Once you have this information, you can add the things you would like in a new employee or share the type of work culture you’re trying to create or maintain. For instance, on a recent job posting, Atlanta, Georgia-based Kimco Services mentions that the job they have listed is ideal for employees who are dependable, people-oriented, and independent.
Putting it all together: How to create a commercial cleaner job description that gets the job done
Now that you have the information you want in the job description, it’s time to put it all together. Here’s a template you can use to create your own. This one is necessarily general, so it’s easier to customize, but feel free to add as much detail as you want in yours.
JM Services is hiring a commercial cleaner
JM is a full-service commercial cleaning company operating in the greater Toledo, Ohio area.
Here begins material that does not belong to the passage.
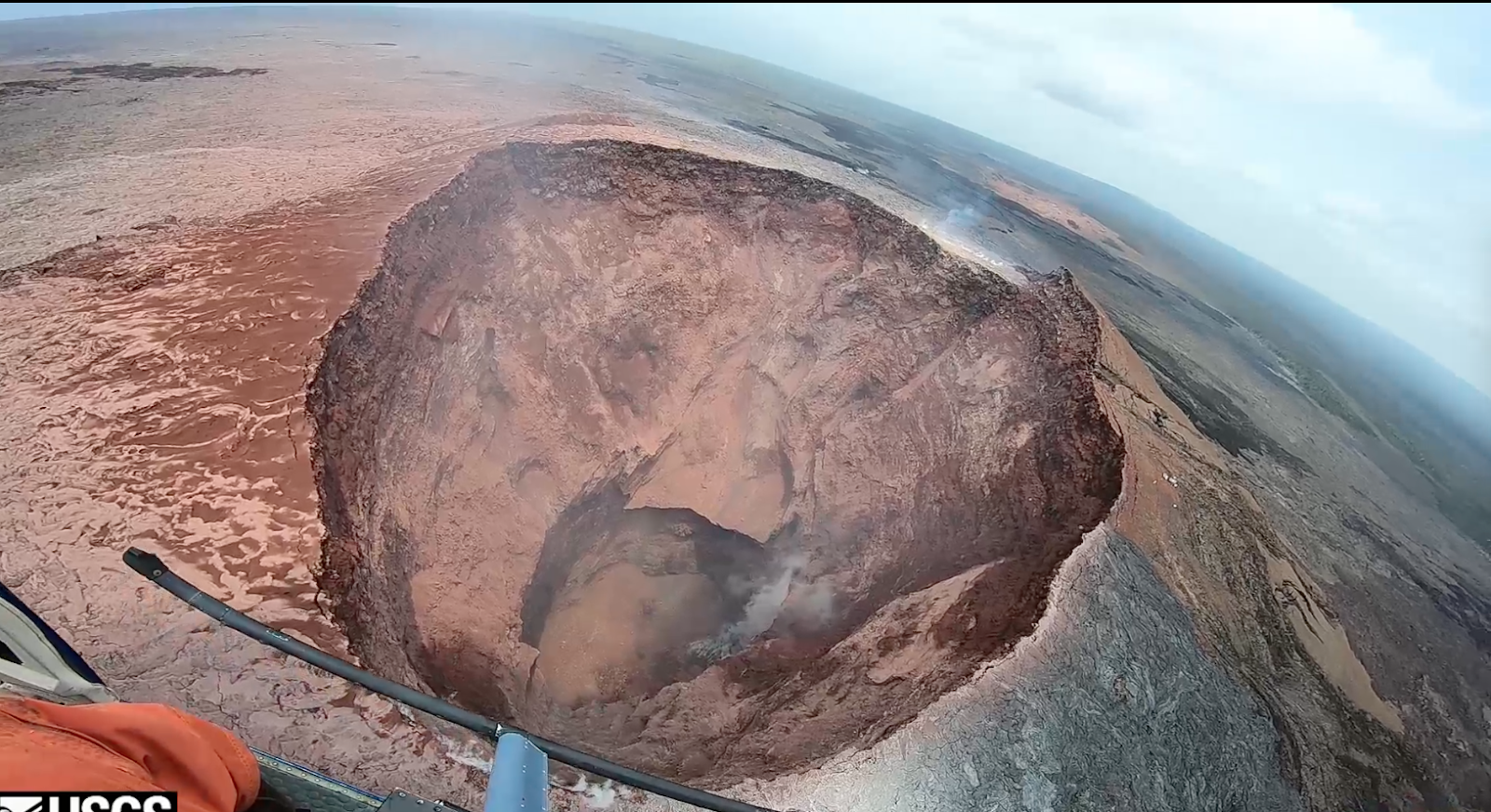aerial of Halemaʻumaʻu 061218 Their caption describes the scene.

Since 2014, we’ve provided high-quality, professional cleaning services to financial institutions, corporate offices, medical facilities, and small businesses.
We’re hiring a full-time commercial cleaner to work weekdays at several client facilities in the downtown area of Toledo.
Duties include, but are not limited to:
- Follow our detailed cleaning checklists for all clients
- Sweep, mop, and vacuum floors using professional janitorial equipment
- Clean and disinfect sinks, countertops, and restrooms
- Refill paper products
- Empty trash and recycling and replace liners
- Follow safety regulations
- Perform additional duties as assigned by supervisor
- Must be able to lift up to 50 pounds on occasion
- Ability to walk, stand, and bend for extended periods
- Must be prompt and professional
- Must have reliable transportation to reach client locations on time (most sites are on popular bus routes)
- Previous experience preferred, but not required
- Must pass a background check
- Must be able to keep information confidential, as we work with financial and medical industry clients who handle sensitive data
$15-18/hr depending on experience
Benefits include paid time off for national holidays, two weeks of vacation time per year (after six months of employment), and medical and dental insurance.
There you have it. It really is that easy to write a commercial cleaner job description.